Инна раздула ноздри.
— Поня-ятно, — протянул Александр Петрович и спросил буднично: — Хочешь еще чаю?
Налил в ее чашку жидкости подозрительно желтенького цвета и аккуратно вернул чайник на место.
— Тебе конец, — произнес он спокойно. — То есть, если ты разоблачишь его и сдашь в правоохранительные органы, хотя я не понимаю, как это можно сделать, он тебя не убьет, этот маньяк. Работу ты потеряешь навсегда.

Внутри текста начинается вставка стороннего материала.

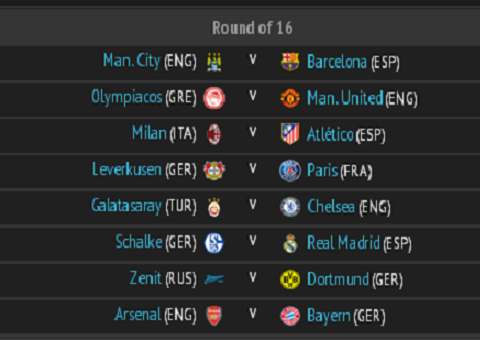 Ngược lại, Arsenal, Man City, Real Madrid, Barca và cả ĐKVĐ Bayern Munich đều có thể sẽ bước vào những cuộc chiến "long tóc gáy". Dưới đây là danh sách những đối thủ có thể của các đại gia ở vòng đấu knock-out
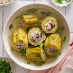 Warm, comforting Vietnamese soup made with bitter melon stuffed with pork and wood ear mushrooms. This bitter melon soup (canh kho qua) will give you a fresh start for the Lunar New Year.
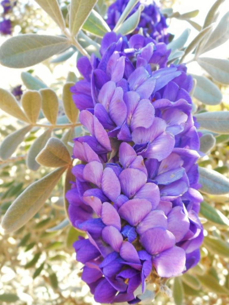 A sure sigh that spring has arrived here ..and ( more so ) in Texas.. occurs when the scent of Grape Soda starts filing the air.  Smelling it, eyes start wandering, looking for the source. When found, attention quickly turns to the spectacular cascades of purplish blue Wisteria-like flowers smothering tropical-looking, dark green pinnate, glossy foliage.. While some might assume Texas Mountain Laurel, or Dermatophyllum secundiflorum ( Previously known as Sophora secundiflora ) would originate some place warm and wet, this tough Texas native originates from some of the hottest and relatively dry portions of the state, and adjacent Mexico. Many parts of this region of Texas get quite cold in winter as well.
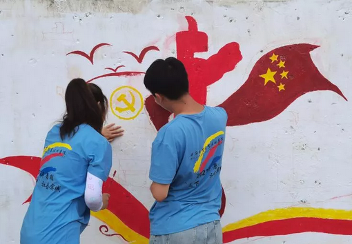 在為期10天的“三下鄉(xiāng)”社會實踐中,實踐隊員們把黨史學(xué)習(xí)教育帶到了田間地頭家中墻上。實踐隊員們走進田間地頭,和當?shù)剜l(xiāng)親們一起學(xué)習(xí)交流黨的發(fā)展歷程,到家中聆聽當?shù)亍罢稀焙屯宋槔媳?、老黨員講述他們的親身經(jīng)歷和黨的光輝歷程并宣傳黨的政策,與鄉(xiāng)親們一起溝通鄉(xiāng)村振興的意見和建議。同時,實踐隊員們還將黨的光輝歷史和黨的政策、生態(tài)文明建設(shè)、鄉(xiāng)村振興、惠農(nóng)政策等用墻繪的方式畫在墻上?!皩嵺`隊員們通過這種樸實、接地氣、通俗易懂的方式將黨史學(xué)習(xí)教育和黨的政策送到了田間地頭、村民家中,打破了傳統(tǒng)的宣講模式,增強了廣大村民振興鄉(xiāng)村的信心?!笔敬羼v村書記明正興說。
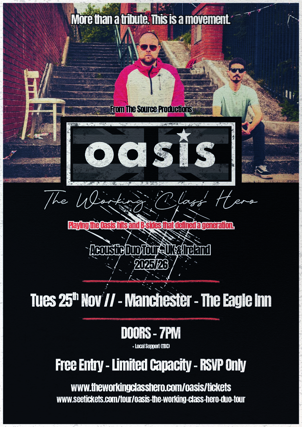 In 2025, it begins with Oasis – The Working Class Hero: Duo Tour 2025/26 – a stripped-back tour in grassroots venues across the UK and Ireland.

Карьеру — тоже. Ты к этому… готова?
— У меня нет другого выхода. Я сделала эту чертову карьеру один раз, и еще сделаю, если мне понадобится.
— В политике — никогда.
— Я устала от политики. До смерти. Мне надоело жить в казенных домах, где горничные переписывают мое белье!
Ястребов моргнул.
— Что… горничные делают?
— Переписывают белье. По пунктам. Твое не переписывают?
— Пока нет.
— Значит, все впереди.
— То есть ты сознательно готова отказаться от карьеры ради покойного губернатора Мухина и его семьи?
Инна пожала плечами. Он поднялся.
— Отлично. Чего ты хочешь от меня?
Она вдруг забыла. Все время помнила, а теперь вдруг забыла, когда он сказал отстранение — чего ты хочешь?
— Инна?
— Я хочу, чтобы ты немного меня подстраховал.
— Как?
Ей хотелось плакать и не хотелось ничего объяснять.
— Скорее всего этот человек не один. Скорее всего он… как бы это выразиться, нижнее звено.
— С чего ты взяла?
— Им кто-то управляет, очень успешно. По-моему, это очевидно. У тебя есть знакомые в ФСБ, только в каких-нибудь верхах? У меня есть знакомый, но он всего лишь майор.
— И что? Мы должны идти в атаку на вице-премьера? Это он застрелил ночью вдову Мухина?
— Тебе ничего не угрожает, — холодно сказала Инна, — ни тебе, ни твоей карьере. Я все возьму на себя.
— Александр Матросов, — пробормотал Ястребов недовольно. Она предпочла не услышать.
— Мне нужно только… небольшое содействие.
— Ладно, — вдруг согласился он с яростной любезностью, — шут с ним, пусть будет содействие. Только ты сейчас подробненько расскажешь мне, в чем и против кого.
И она рассказала.
Над Енисеем в розовом дымном тумане вставало солнце, похожее на кусок льда в бокале. Даже здесь, за лиственничными стенами, чувствовалось, как там холодно.
Холодно и поздно. Она опоздала на работу, наверное, первый раз в своей жизни.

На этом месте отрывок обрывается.